Back to 3-D. After 3-D is perfected, what next? "Feel TV" where you feel everything the characters feel and experience? "Smell-a Vision"? Where does it all end?

Tuesday, June 29, 2010

The Death of the TV Talk Show

By Leonard Aaron Caplan

I date 1988 as the “death” of what had been up ‘til then, (from the early 1950s on) the traditional TV talk show, at least nationally; Donahue, Oprah, and Art Linkletter’s Kids Say the Darndest Things;

http://www.youtube.com/watch?v=EBMOhM31EyM&feature=related, etc.

These featured mostly family-friendly entertainment and discussions.

When Morton Downey Jr. debuted he threw all decorum out the window, berating his guests, smoking on camera, talking over people and letting them talk over each other.

http://www.youtube.com/watch?v=dGu6LjmgeL4&feature=related

The Jerry Springer Show, still seen today, took even that to the next level, expanding on Downey’s brand of shlock until it became the norm, rather than the exception.

http://www.youtube.com/watch?v=-LQla5x_tfw

Eventually, A Current Affair, Maury Povich, The Jenny Jones Show and others, all getting high ratings, ensured that shows in the Pre-Springer/Downey mold, at least nationally didn’t have a chance after that.

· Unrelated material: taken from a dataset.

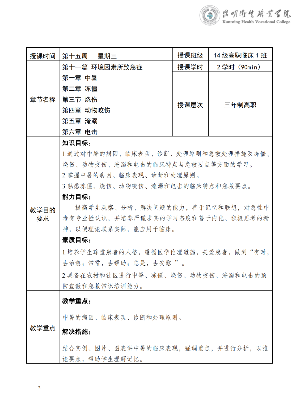 《环境因素所致急症》教案(急诊学)

The real shame is that since then, young people really haven’t experienced what a real TV talk show is like, or should be like! Sure, there’s still Oprah, and many local TV talk shows in the traditional vein, but Oprah is viewed as Oprah-ish, a common synonym for ‘preachy”. Local talk shows simply aren’t high profile enough for most audiences to be aware of and PBS and its affiliated stations, except to hardcore followers, is unfortunately seen as “boring” to the masses.

Sensationalism in the form of family confrontations, lurid happenings such as cheating spouses, battling ex’s, DNA tests to determine parenthood, physical and sexual abuse, incest, drug abuse, and the list goes on, today passes for “entertainment”.

Of course, what it all comes down to is money. As long as audiences support the sponsors of these shows, they will continue in the same vein. Jerry Springer himself admits that his show is tacky and tasteless, not to mention FAKE a lot of the time, but he rakes in millions upon millions doing it. Strangely, Jerrry Springer is a very intelligent person and entrepreneur. If you ever listened to his once-syndicated radio show, it was everything his TV show is not; insightful, tasteful and dealing with important issues. The way of the world is that people love making money and as long as a TV show does this, it will continue to be produced.

What I will never understand is how people like Springer, already a multi-millionaire many times over, continue to pollute the airwaves with this stuff. He, and many others argue “freedom of speech’ and they are right. I wouldn’t want shows like this to be forced off the air. But wouldn’t it be great if audiences refused to accept this as entertainment or better yet, if the producers simply thought a little bit more about their affect on society rather than further filling their own already stuffed pockets?